Python - SimpleJSON Issue

Question

I'm working with the Mega API and Python in hope to produce a folder tree readable by Python. At the moment I'm working with the JSON responses Mega's API gives, but for some reason am having trouble parsing it. In the past I would simply use simplejson in the format below, though right now it's not working. At the moment I'm just trying to get the file name. Any help is appreciated!

import simplejson    

megaResponseToFileSearch = "(u'BMExefXbYa', {u'a': {u'n': u'A Bullet For Pretty Boy - 1 - Dial M For Murder.mp3'}, u'h': u'BMExXbYa', u'k': (5710166, 21957970, 11015946, 7749654L), u'ts': 13736999, 'iv': (7949460, 15946811, 0, 0), u'p': u'4FlnwBTb', u's': 5236864, 'meta_mac': (529642, 2979591L), u'u': u'xpz_tb-YDUg', u't': 0, 'key': (223xx15874, 642xx8505, 1571620, 26489769L, 799460, 1596811, 559642, 279591L)})"

jsonRespone = simplejson.loads(megaResponseToFileSearch)
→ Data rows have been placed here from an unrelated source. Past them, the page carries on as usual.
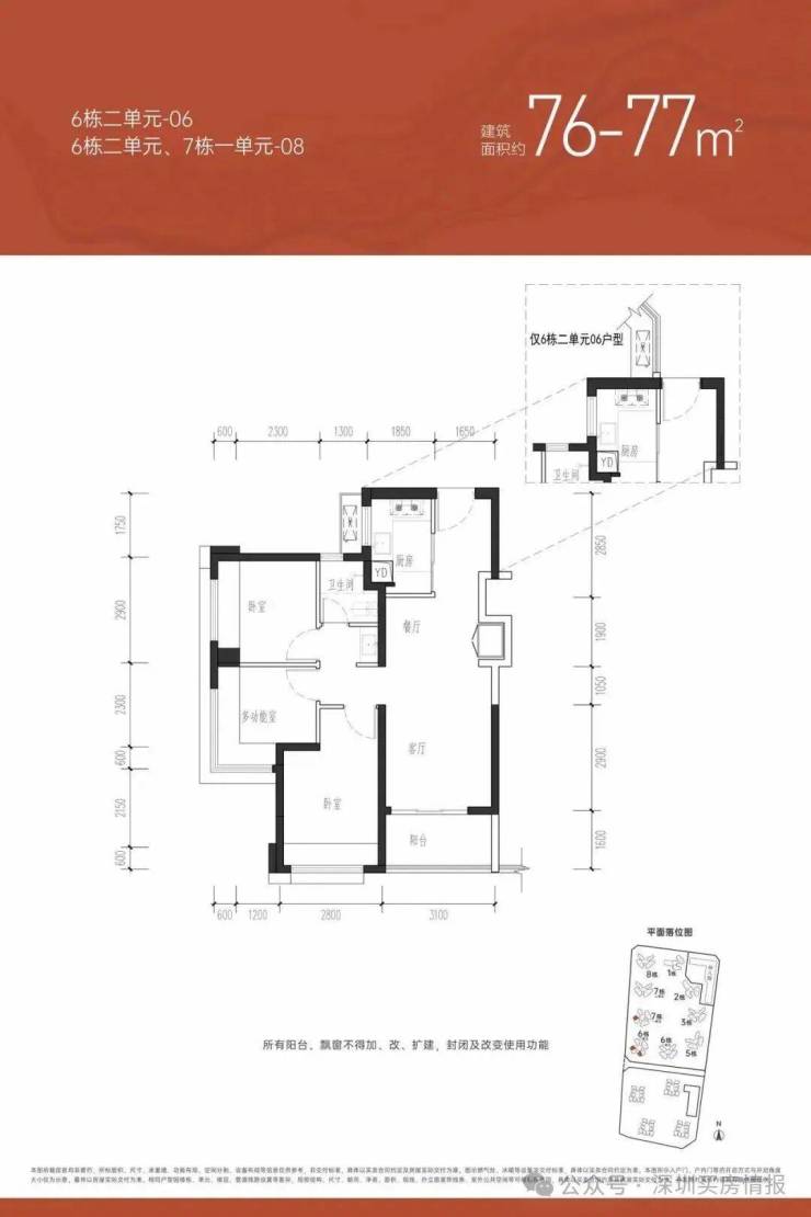 【约76㎡三房一卫】户型分布:只分布在6栋2单元和7栋1单元,共258套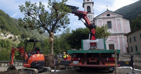 BREGGIA - Alcuni esemplari di tiglio e platano stanno tornando nella rinnovata piazza di Cabbio, in Valle di Muggio. La messa a dimora delle piante è cominciata oggi e durerà alcuni giorni.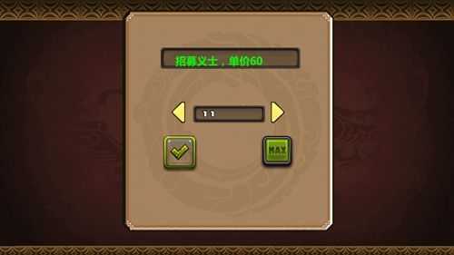 11、招募士兵是需要钱的,大家量力而行,前期招收30个士兵即可,刚好前中后三个阵型每个阵型10个士兵。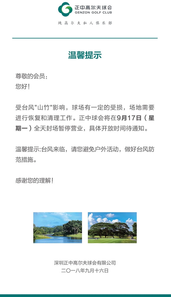 受台风“山竹”影响,深圳正中高尔夫球会封场公告
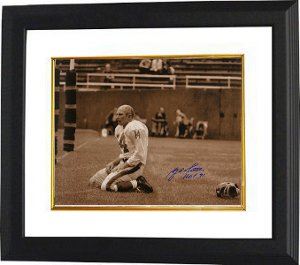 YA Tittle lead the Giants to three straight Eastern Division titles. Tittle threw seven touchdown passes on October 28, 1962, in a game against the Washington Redskins that the Giants won 49-34. In 1963, he set what was then an NFL record by throwing 36 touchdown passes. He was elected 7 times to the Pro Bowl and 3 times as an All-Pro selection. Y.A. Tittle has hand autographed this New York Giants 16x20 Sepia Tone Blood Photo with HOF 71 Inscription. Custom White Mat and Premium Black Frame as shown. Certificate of Authenticity from Athlon Sports.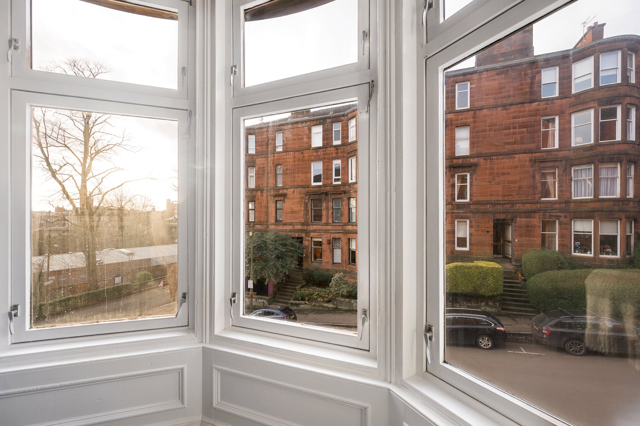 Yarrow Gardens is an attractive and particularly peaceful address in the leafy West End district of North Kelvinside. Known for its superb collection of beautiful sandstone tenements, this charming locale attracts a broad spectrum of buyers including professional couples, students, and academics who wish to live within walking distance of Glasgow University & Glasgow School of Art. In recent years this location has also become extremely sought-after amongst those with an artistic or creative background, who wish to be well-positioned for gaining quick access to the Royal Conservatoire, National Theatre, Whisky Bond, and Civic House. Yarrow Gardens is also very well-placed for quick access to major road networks and lies within minutes’ drive of access points to the M8 motorway – making this a brilliant address for professionals who split their working week between Glasgow and Edinburgh.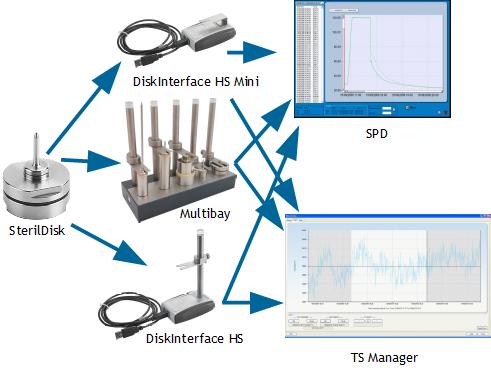 SterilDisk Probe M5 współpracuje z oprogramowaniem SPD oraz TS Manager (wersja Basic/Pro zgodna z FDA 21 CFR Part 11). Do komunikacji służy interfejs DiskInterface HS lub Universal Multibay.
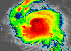 ![]() Hinnamnor at its peak intensity while approaching Okinawa on August 30. | |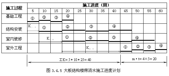 【例3.4.3】某工程項目由四幢大板結構樓房組成,每幢樓房為一個施工段,施工過程劃分為基礎工程、結構安裝、室內裝修和室外工程4項,其流水施工進度計劃如圖3.4.5所示。

print jsonRespone[u'a'][u'n']

ERROR:

Traceback (most recent call last):
  File "D:/Projects/Mega Sync/megasync.py", line 18, in <module>
    jsonRespone = simplejson.loads(file4)
  File "D:\Projects\Mega Sync\simplejson\__init__.py", line 453, in loads
    return _default_decoder.decode(s)
  File "D:\Projects\Mega Sync\simplejson\decoder.py", line 429, in decode
    obj, end = self.raw_decode(s)
  File "D:\Projects\Mega Sync\simplejson\decoder.py", line 451, in raw_decode
    raise JSONDecodeError("No JSON object could be decoded", s, idx)
simplejson.decoder.JSONDecodeError: No JSON object could be decoded: line 1 column 0 (char 0)

EDIT:

I was asked where I got the string from. It's a response to searching for a file using the Mega API. I'm using the module found here. https://github.com/richardasaurus/mega.py The code itself looks like this:

from mega import Mega
mega = Mega({'verbose': True})
m = mega.login(email, password)
file = m.find('A Bullet For Pretty Boy - 1 - Dial M For Murder.mp3')
print file

Answer 1

The thing you are getting from m.find is just a python tuple, where the 1-st (next after the 0th) element is a dictionary:

(u'99M1Tazb',
 {u'a': {u'n': u'test.txt'}, 
  u'h': u'99M1Tazb', 
  u'k': (1145485578, 1435138417, 702505527, 274874292), 
  u'ts': 1373482712,
  'iv': (1883603069, 763415510, 0, 0), 
  u'p': u'9td12YaY', 
  u's': 0, 
  'meta_mac': (1091379956, 402442960),
  u'u': u'79_166PAQCA', 
  u't': 0,
  'key': (872626551, 2013967015, 1758609603, 127858020, 1883603069, 763415510, 1091379956, 402442960)})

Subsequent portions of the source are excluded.